# WORK REQUIRED:
Copy each record exactly as it reads, leaving out any pictures it holds.

Data items
#####
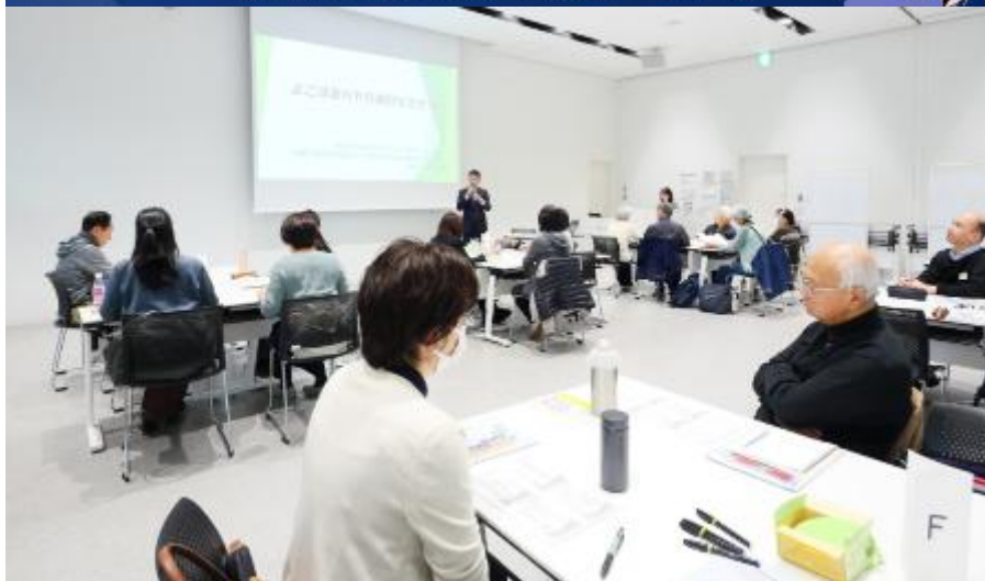
開催当日の様子：2025年度よこはNPO会計セミナー
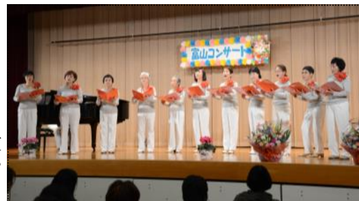
（きれいなハーモニーを聞かせてくれたベッラ・ルーナのメンバー）

合唱団大地が主催する富山コンサートが、12月6日、富山公民館で開催されました。当日は、合唱団大地外地元のベッラ・ルーナやアンサンブルWIND・ポピーコーラスの合唱や4人の独唱などが披露されました。合唱曲は「春の海」や「川の流れるように」「銀色の道」「白浜音頭」などおなじみの曲が多く、観客は、楽しそうに一緒に口ずさんでいました。
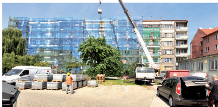
Čelní strana domu v Komenského ulici už vykoukla zpoza plent. Ve dvorní části je ale stále hodně práce.

Jde o problém, který se na stavbách objevuje pravidelně. Firmy nasazují omezený počet dělníků a spoléhají na to, že termín jakž takž stihnou. „Je to každý rok stejné. Téměř při každém kontrolním dni apelujeme na firmy, aby směny na stavbách posílily. Do samotného postupu prací jim ale mluvit nemůžeme, důležitý je termín dokončení.“
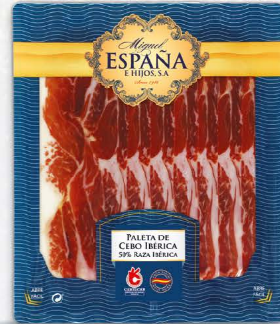
01506 - Paleta de Cebo Ibérica 50% Raza Ibérica 80 g 8428204015064 12 x caja
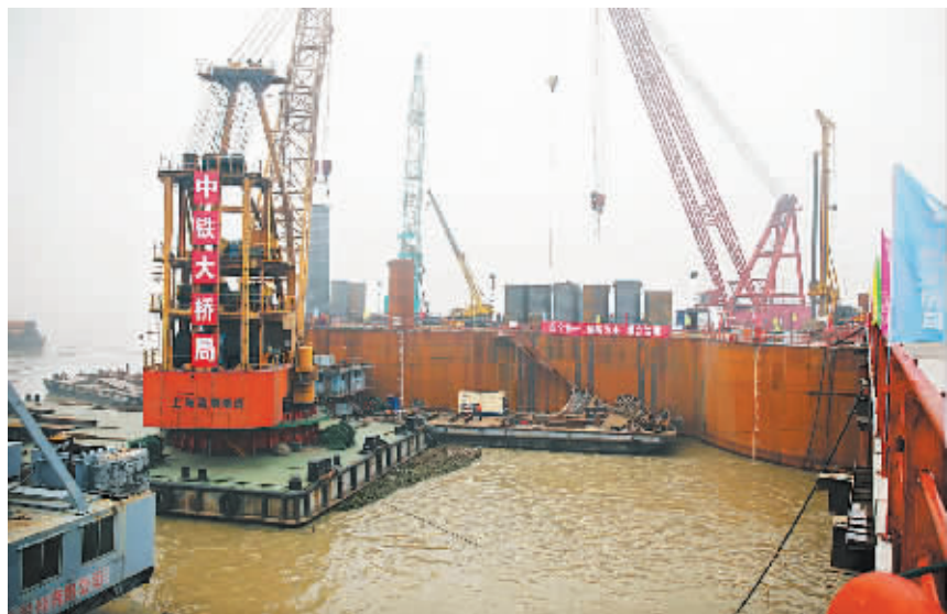
武汉青山长江大桥施工现场 (12月23日摄)。12月23日，武汉市青山长江大桥开工建设，这是武汉市的第11座长江大桥。武汉青山长江大桥位于天兴洲长江大桥和阳逻长江大桥之间，属于在建的武汉四环线东段控制性工程。大桥设计全长为7548米，预计2019年基本建成。
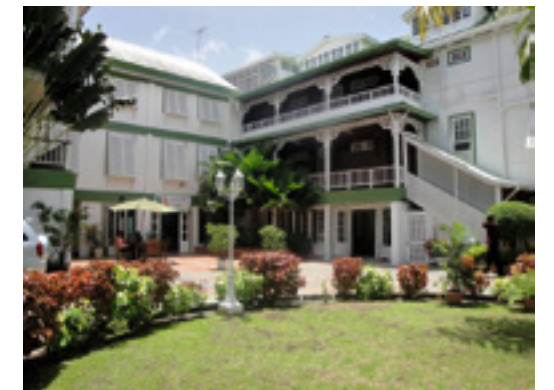
Charmanter Kolonialstil: Hotel Cara Lodge

Magisch: Die fast 250 Meter hohen Kaieteur Falls im Regenwald. Bild links: Veranda in der «Rock View Lodge»
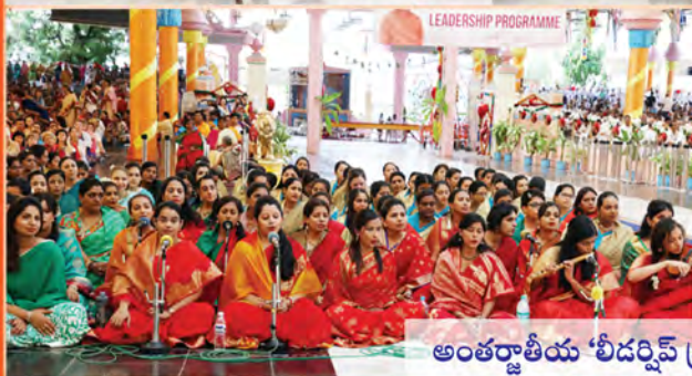
అంతర్జాతీయ ‘లీడర్షిప్ ప్రోగ్రామ్’ స్నాతకోత్సవం
#####
# RESPONSE TO THIS TASK:
開催当日の様子：2025年度よこはNPO会計セミナー
（きれいなハーモニーを聞かせてくれたベッラ・ルーナのメンバー）

合唱団大地が主催する富山コンサートが、12月6日、富山公民館で開催されました。当日は、合唱団大地外地元のベッラ・ルーナやアンサンブルWIND・ポピーコーラスの合唱や4人の独唱などが披露されました。合唱曲は「春の海」や「川の流れるように」「銀色の道」「白浜音頭」などおなじみの曲が多く、観客は、楽しそうに一緒に口ずさんでいました。
Čelní strana domu v Komenského ulici už vykoukla zpoza plent. Ve dvorní části je ale stále hodně práce.

Jde o problém, který se na stavbách objevuje pravidelně. Firmy nasazují omezený počet dělníků a spoléhají na to, že termín jakž takž stihnou. „Je to každý rok stejné. Téměř při každém kontrolním dni apelujeme na firmy, aby směny na stavbách posílily. Do samotného postupu prací jim ale mluvit nemůžeme, důležitý je termín dokončení.“
01506 - Paleta de Cebo Ibérica 50% Raza Ibérica 80 g 8428204015064 12 x caja
武汉青山长江大桥施工现场 (12月23日摄)。12月23日，武汉市青山长江大桥开工建设，这是武汉市的第11座长江大桥。武汉青山长江大桥位于天兴洲长江大桥和阳逻长江大桥之间，属于在建的武汉四环线东段控制性工程。大桥设计全长为7548米，预计2019年基本建成。
Charmanter Kolonialstil: Hotel Cara Lodge

Magisch: Die fast 250 Meter hohen Kaieteur Falls im Regenwald. Bild links: Veranda in der «Rock View Lodge»
అంతర్జాతీయ ‘లీడర్షిప్ ప్రోగ్రామ్’ స్నాతకోత్సవం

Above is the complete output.